A group of international academics, lawyers, trade unionists and activists travelled to Turkey’s Kurdish-majority southeast as election observers to witness the country’s epochal elections to be held on 14 May. In a series of articles to be published every day in Medya News until the elections, Emma Müller, a member of the UK delegation, shares the international election observers delegations’ findings from the ground.
Emma Òr
The upcoming Turkish elections are pivotal for the future of the country’s democracy. The Peoples’ Democratic Party (HDP) and Yeşil Sol Party (Green Left Party) called for solidarity with their campaign. As internationalists we answered their call by organising a delegation to Bakûr (Northern Kurdistan, in the South East of the territory controlled by the Turkish Republic). The delegation of academics, lawyers, journalists, trade unionists, and activists came from across Europe to witness the election campaign. Our solidarity is based on the understanding that systems that oppress democracy are the same across borders, which means our resistance against them must be united.
Our focus has begun with the region of Amed (Diyarbakır, in Turkish) and will move elsewhere in Bakûr as the campaign progresses.
Green Left election campaign aims to visit every settlement
During a two-month period, the Yeşil Sol election campaign aims to visit every settlement in the Amed region. That means every town, village, and isolated hamlet receives a delegation from the party. Our journey to the villages today began in a convoy of cars bedecked in stickers, with party flags fluttering from the windows as they sped down the highways of rural Amed. The convoy was led by a campaign van packed with volunteers and election materials, announcing the campaign’s arrival with traditional Kurdish music playing from immense speakers.
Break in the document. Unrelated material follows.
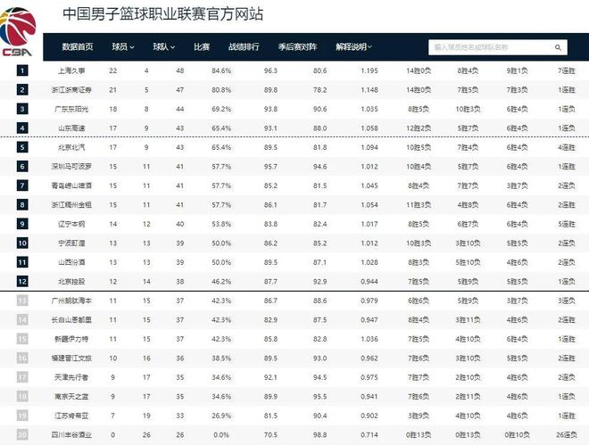 CBA排名!辽宁连胜广东惨败,北京直追四强山东输球,上海大逆转

On arriving in each village, the campaigners made their way to a meeting with local political organizers. The candidates asked about the situation in the villages and what the party can do for the people. They explained the importance of voting, and the party’s electoral strategy. Many villagers were confused by the process, partly because Yeşil Sol is new to them: HDP candidates are running under the Yeşil Sol banner because Turkey is likely to ban the HDP before the elections. Now the candidates need to explain not just how to vote, but why Yeşil Sol is taking over from the HDP. Candidates also need to explain why people cannot vote for a Yeşil Sol candidate for president, and have to vote for another candidate instead: Yeşil Sol are lending their support to President Erdoğan’s main opponent in the hope of beating him.
The process of explaining to the villagers the painful bureaucracy of the electoral system shows how far removed national politics are from villagers’ daily lives. Making electoral politics complicated creates a barrier to people getting involved. Explaining the process of voting and making it relevant to every single voter means Yeşil Sol gives society one of the tools necessary to defend itself against the fascism and colonialism of the Turkish state.
In the villages, men and women remain mostly segregated. In most villages, party members are the only women who attend meetings. Yeşil Sol candidates address this by going door-to-door, to every family home. Men come out of the houses to greet the politicians while women usually stay behind. The party women then go out of their way to approach every house, entering the hallways or waving women to come over, engaging every woman they can reach.
Children waving flags
On one occasion we were in a small group without a woman candidate present. Women would not come out, until the men candidates suggested that our women members could walk in front, representing the women. The women were always very happy to greet us, when we took the first step: they value political engagement as much as the men do, but are fighting against a feudal mentality that makes their participation harder. A lot of work remains to be done, but the Kurdish Freedom Movement has unquestionably improved the women’s situation in Bakûr. Women feel empowered to join the party, and the co-chair system and women politicians no longer face the hostility they once did.
In every village we were greeted by children waving the party’s flag and holding their fingers in a V-for victory sign. The children have a sense of their own national identity, running along beside the convoys, chanting the movement’s slogans.
When we visited villages in the Hazro region we could see mountains where the guerrilla lived until 2015. In these villages there was huge support for the Yeşil Sol party. One local woman told us that the society has a very feudal system, but that this has protected it from state infiltration. Local people also shared that the state often sends the military to the villages, and that the Justice and Development Party (AKP) visited the day before, intimidating locals to not put up Yeşil Sol flags.
Surrounded by police
In the evening we joined a large celebration in front of a Yeşil Sol branch office in the city. Hundreds of people from the neighbourhood came together, listened to live music and danced. The event was surrounded by police and water cannons. The street was fenced off and everyone entering was filmed. This scared off some people from joining, but as the evening continued more and more people, especially youth, defied the intimidation tactics. The dancing was joyful and energetic, ignoring the police presence and the potential repression that could follow attending party events. These intimidation tactics are part of people’s everyday lives. Everyone who is politically active, or even just openly critical of the Erdoğan regime, expects to be imprisoned for their work at some point.
In the short time we have been here, we have met dozens of people who have spent time in prison, whose children are still imprisoned, or who have lost family members in the guerrilla struggle. But the resistance and warmth of people, especially after around 130 of their comrades were arrested in Amed and a further 32 in Istanbul, is a never extinguished fire.